INFORMATION PROVIDED
******

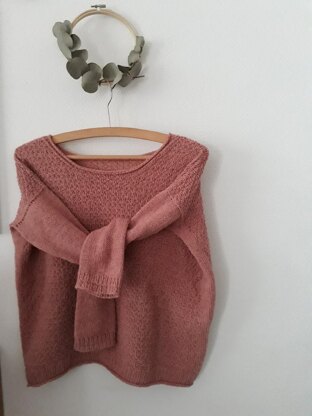 It’s a relaxed, boxy fit sweater with sleeves on the tighter side. The front and back are worked in a beautiful textured pattern, while the sleeves are worked in stockinette stitch. The neck is larger than a usual crewneck and finished as well as the hem with a little roll-edge.
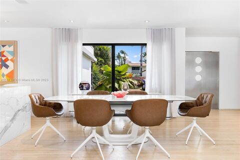 Located on one of the most private and prestigious streets in Miami Beach. Renovated 5 bed/ 5.5 bath home on oversized 11,000 SF corner lot. 2 car garage and 2 separate driveways for parking. Single story renovated modern home, new roof, brand new AC, hurricane impact windows & doors, security and complete savant Av system with Leutron lighting,Italkraft white kitchen, built- in Wolf professional grade appliances, convection steam oven, Italian porcelain countertops, wine cooler with beautiful oversized eat-in island. His and her huge walk in closets in master. Split floor plan, abundance of natural light, floor to ceiling windows. Pool with brand new deck, jacuzzi, cabana bath & built-in summer kitchen with gazebo covering. Entire house water filtration system. Landscape lighting.
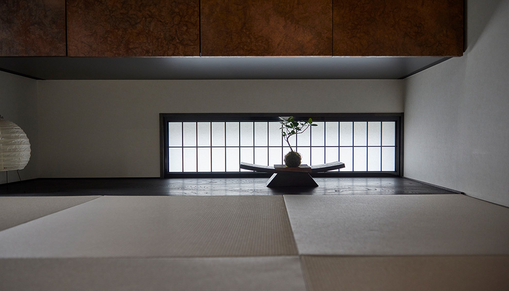 和室:やわらかな北の光を取り入れた畳の間は、視線を低く抑えた靜けさをデザイン。
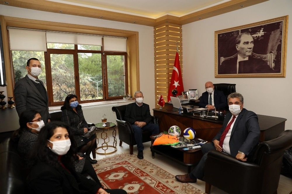 Menteşe Belediye Başkanı Bahattin Gümüş, Okul Müdürü Güven Özgül'e ikincilik ödüllerini belediye binasında takdim etti.

******

YOUR INSTRUCTIONS
Reproduce the data above line for line, excluding every picture.

RESPONSE
 It’s a relaxed, boxy fit sweater with sleeves on the tighter side. The front and back are worked in a beautiful textured pattern, while the sleeves are worked in stockinette stitch. The neck is larger than a usual crewneck and finished as well as the hem with a little roll-edge.
 Located on one of the most private and prestigious streets in Miami Beach. Renovated 5 bed/ 5.5 bath home on oversized 11,000 SF corner lot. 2 car garage and 2 separate driveways for parking. Single story renovated modern home, new roof, brand new AC, hurricane impact windows & doors, security and complete savant Av system with Leutron lighting,Italkraft white kitchen, built- in Wolf professional grade appliances, convection steam oven, Italian porcelain countertops, wine cooler with beautiful oversized eat-in island. His and her huge walk in closets in master. Split floor plan, abundance of natural light, floor to ceiling windows. Pool with brand new deck, jacuzzi, cabana bath & built-in summer kitchen with gazebo covering. Entire house water filtration system. Landscape lighting.
 和室:やわらかな北の光を取り入れた畳の間は、視線を低く抑えた靜けさをデザイン。
 Menteşe Belediye Başkanı Bahattin Gümüş, Okul Müdürü Güven Özgül'e ikincilik ödüllerini belediye binasında takdim etti.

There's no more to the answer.